Pati, infojateng.id – Satreskrim Polresta Pati masih mendalami dugaan pengerusakan kaca pintu rumah milik EAS, warga Desa Kajar, Kecamatan Trangkil, Kabupaten Pati.
Polisi belum menyimpulkan penyebab kerusakan kaca tersebut. Sejumlah benda berbentuk gotri yang ditemukan di sekitar lokasi juga masih diperiksa untuk memastikan ada atau tidaknya kaitan dengan kerusakan.
Perkembangan penanganan perkara tersebut disampaikan Wakapolresta Pati AKBP Ardyan Ukie Hercahyo dalam konferensi pers di Aula Sanika Satyawada Polresta Pati, Kamis (27/8/2026).
“Kami masih melakukan pendalaman terkait dugaan pengerusakan tersebut. Kami tidak ingin terburu-buru mengambil kesimpulan sebelum seluruh hasil pemeriksaan dan alat bukti dianalisis secara menyeluruh,” kata Ardyan.
Peristiwa itu diketahui pada Senin (24/8/2026) sekitar pukul 10.00 WIB. Setelah menerima informasi, Bhabinkamtibmas Polsek Wedarijaksa berkoordinasi dengan Satreskrim Polresta Pati untuk melakukan pemeriksaan dan olah tempat kejadian perkara (TKP).
Tim Bidang Laboratorium Forensik (Bidlabfor) Polda Jawa Tengah kemudian melakukan pemeriksaan di lokasi pada Rabu (26/8/2026) sekitar pukul 18.00 WIB.
Dari hasil pemeriksaan, ditemukan kerusakan pada salah satu bagian kaca pintu utama rumah.
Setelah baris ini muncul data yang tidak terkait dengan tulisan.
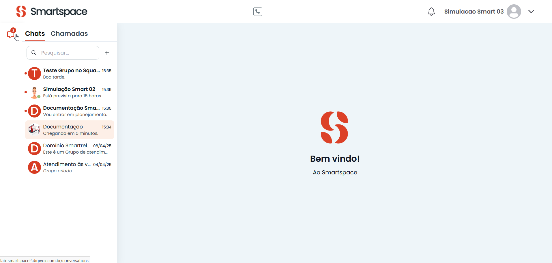 As notificações de novas mensagens recebidas aparecem diretamente no ícone do Módulo de Conversas e também na aba Chats, ao lado do nome do contato ou do grupo que enviou as mensagens.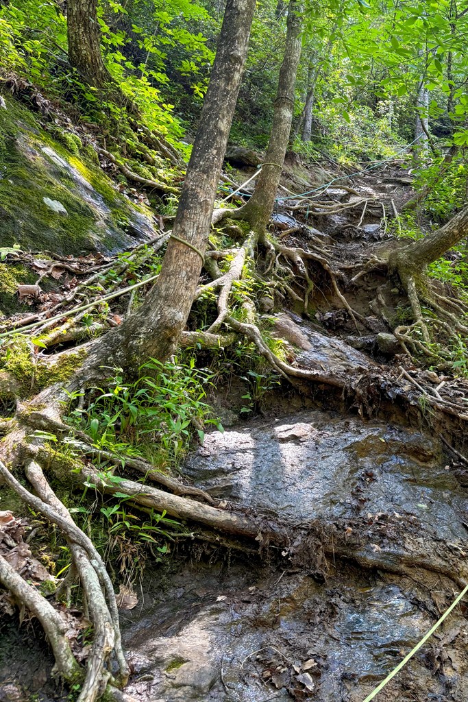 …but the highlight of the hike is the third falls, which are about a 50 foot drop. The only thing is, to get to the base of the falls you need to descend a steep path of rocks, roots, and mud, which (especially after all the rain we’ve had lately) is super slick. The good news is that previous hikers had left lots of rope to help navigate the challenge, but still, I’d be lying if I said my rear end didn’t come away muddy! Here’s a view of the slippery slope…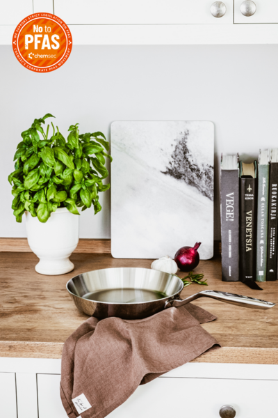 Teräspannu on täysin myrkytön ja näin myös PFAS-vapaa. Teräspannu on ekologinen valinta, joka kestää käytössä vuosikausia. Pannussa ei ole pinnoitetta, joka kuluisi käytössä. Teräspannun kanssa voi käyttää myös teräksisiä pienvälineitä.
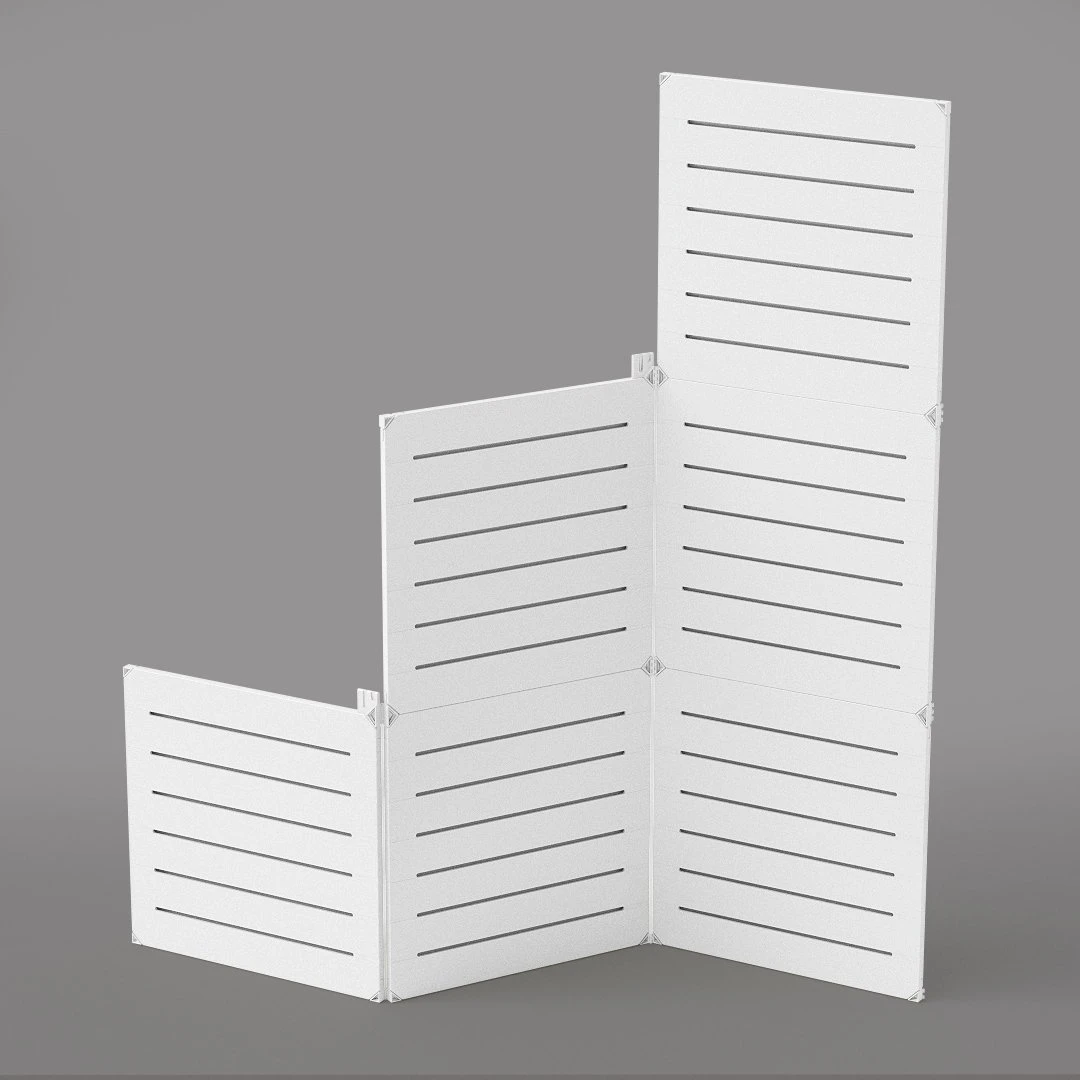 Each panel in this kit is 24″ X 24″(60cmX60cm exact) and weighs 4.8lbs. The panels have 6 slats on one side and are solid on the opposite side. The panels can all be installed with either the slatwall side or solid side facing out in thousands of different configurations.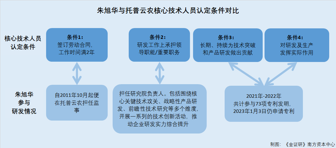 而朱旭华并未被托普云农认定为核心技术人员。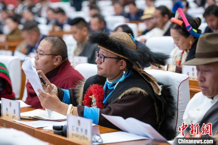 圖為(wei) 西藏政協委員身著民族服飾參加開幕會(hui) 。貢嘎來鬆 攝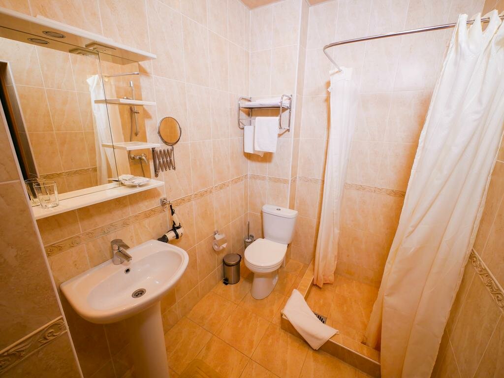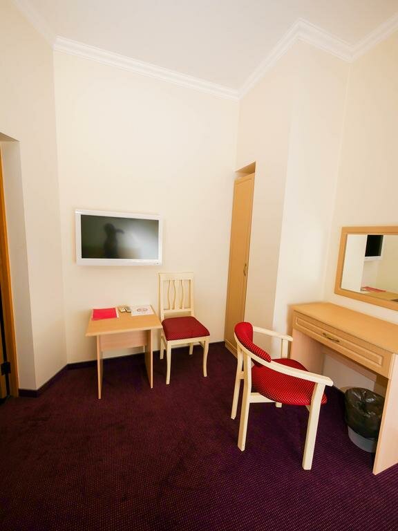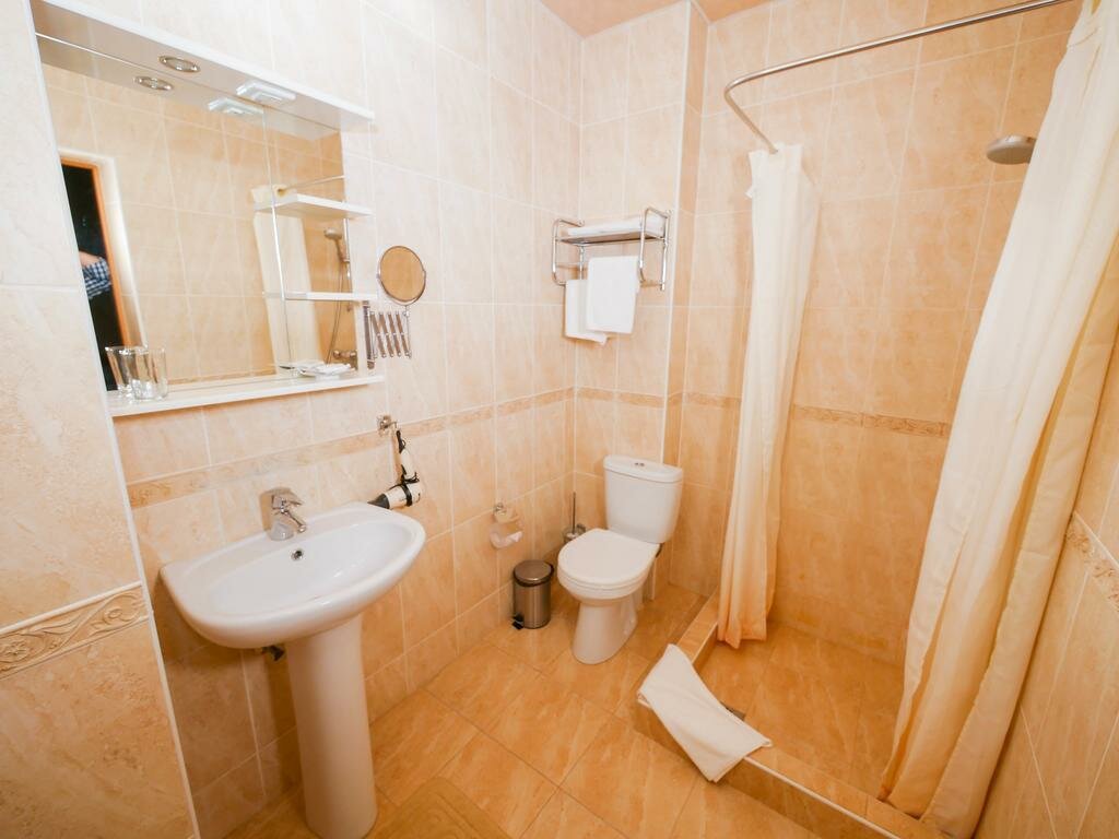 Нет лифта или пандуса, с коляской или большим чемоданом подняться тяжело. Очень холодно в номере и нет тапочек, не понимаю в чем проблема их закупить, им цена 5 рублей. Запах во всем отеле стоит не приятный и резкий, для тех кто чувствителен к запахам-просто не возможно находиться. Одеяло какое-то детское ,маленькое тонкое,подушка тоже жизнь повидавшая вся комками и тонкая. Куллер на одном этаже,гладилка на другом Из плюсом не плохое расположение и милая женщина на ресепшене. Достаточно просторная ванная комната . Не сарай конечно, но больше точно не заселюсь и никому не посоветую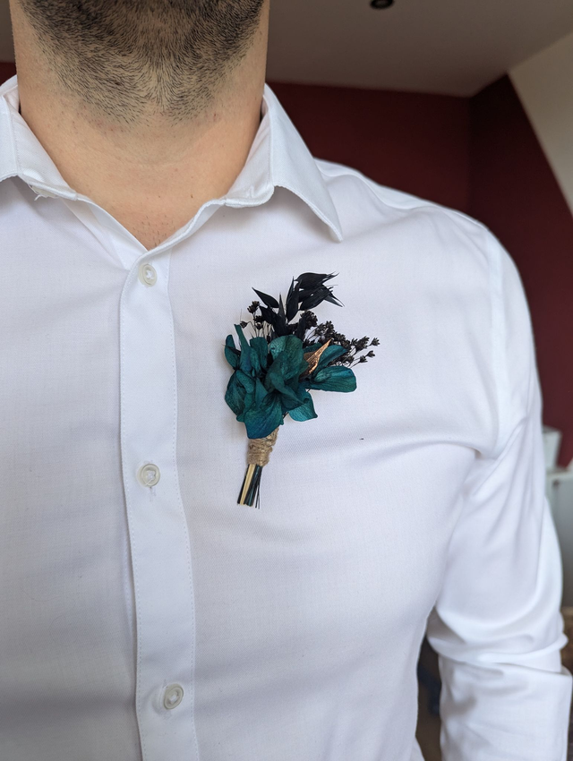 Ajoutez une touche d'élégance intemporelle à votre tenue avec cette boutonnière en fleurs séchées et stabilisées. Conçue autant pour les Hommes que pour les Femmes, cette pièce unique marie la beauté naturelle des fleurs avec la durabilité pour un souvenir éternel de VOTRE jour spécial.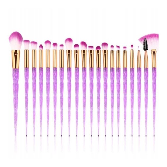 Aby uzyskać w łatwy sposób wspaniały i efektowny makijaż proponujemy Ci zestaw 20 pędzli do makeup'u W zestawie 20 precyzyjnych pędzelków do makijażu oczu, szczoteczka do brwi oraz 2 większe pędzle do twarzy. Włosie pędzli osadzone jest przy pomocy skuwki w kolorze miedzianym na transparentnym trzonku z zatopionym wewnątrz kolorowym brokatem.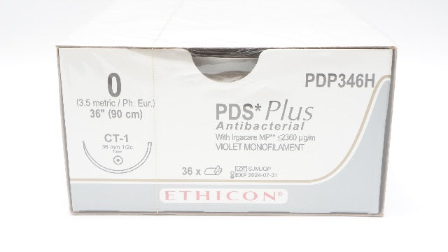 - Ethicon PDP346H 0 PDS Plus Stre CT-1 36mm 1/2c Taper, 36inch (x) - Box of 36
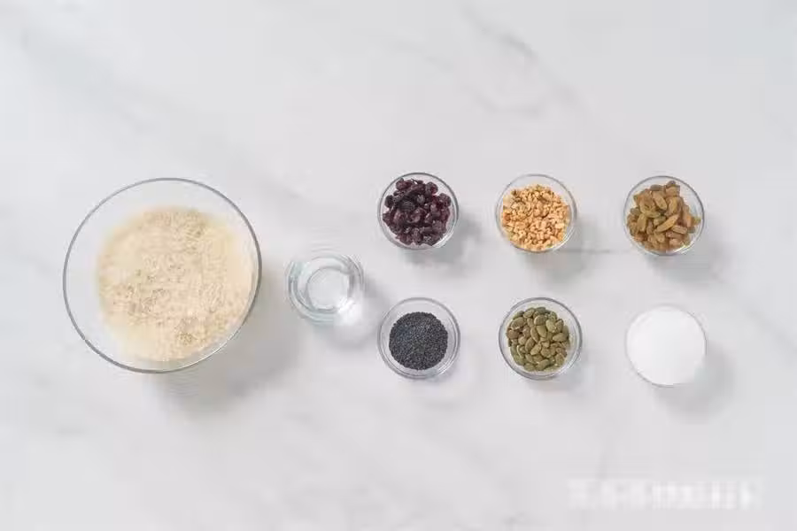 陰米 200g / 黑芝麻 15g提子乾 40g / 蔓越莓干 30g南瓜子 20g / 花生碎 30g砂糖 70g / 水飴 70g水 40g / 油 適量

Selain kerusakan kaca, petugas menemukan sejumlah benda berbentuk gotri di sekitar lokasi.
Sebanyak tujuh gotri ditemukan di dalam rumah, empat gotri berada di luar rumah atau di depan pintu masuk, dan tiga lainnya ditemukan Tim Bidlabfor di bawah mainan anak-anak di sekitar akuarium.
Namun, polisi belum memastikan benda-benda tersebut berkaitan dengan kerusakan kaca.
“Benda yang ditemukan tersebut masih kami sebut sebagai gotri. Keterkaitannya dengan kerusakan kaca belum dapat dipastikan dan masih menunggu pemeriksaan konfirmasi secara ilmiah,” ujar Ardyan.
Kasubbid Balmet (Balistik Metalurgi) Bidlabfor Polda Jateng AKBP Totok Tri Kusuma menjelaskan hasil pengukuran sementara terhadap benda yang ditemukan.
Diameter gotri yang ditemukan sekitar 6,34 milimeter. Sementara itu, lubang pada kaca berukuran sekitar 3,67 hingga 4,68 milimeter.
“Dari hasil rekonstruksi sementara, gotri yang ditemukan tidak dapat melewati lubang kerusakan kaca karena ukurannya lebih besar dibandingkan diameter lubang pada kaca,” jelas Totok.
Pemeriksaan awal menggunakan Bullet Testing Kit (BTK) pada bagian kaca yang rusak juga menunjukkan hasil negatif. Dari pemeriksaan tersebut tidak ditemukan kandungan timbal yang dapat dikaitkan dengan gesekan peluru atau gotri.
Meski demikian, pemeriksaan konfirmasi terhadap barang bukti dan hasil swab masih dilakukan di Bidlabfor Polda Jawa Tengah.
Wakapolresta Pati mengatakan penyidik masih akan mendalami keterangan korban dan saksi serta menelusuri rekaman CCTV maupun petunjuk lain di sekitar lokasi apabila tersedia.
Seluruh hasil pemeriksaan tersebut akan dianalisis untuk mengetahui penyebab kerusakan kaca dan memastikan ada tidaknya unsur tindak pidana.
“Kami bekerja berdasarkan fakta dan alat bukti. Apabila ditemukan bukti permulaan yang cukup mengenai tindak pidana dan pihak yang bertanggung jawab, akan kami proses sesuai ketentuan hukum,” tegas Ardyan.
Polresta Pati mengimbau masyarakat tetap tenang dan tidak terpengaruh spekulasi maupun informasi yang belum terverifikasi.
Masyarakat juga diminta tidak mengambil kesimpulan sendiri sebelum proses penyelidikan dan pemeriksaan ilmiah selesai.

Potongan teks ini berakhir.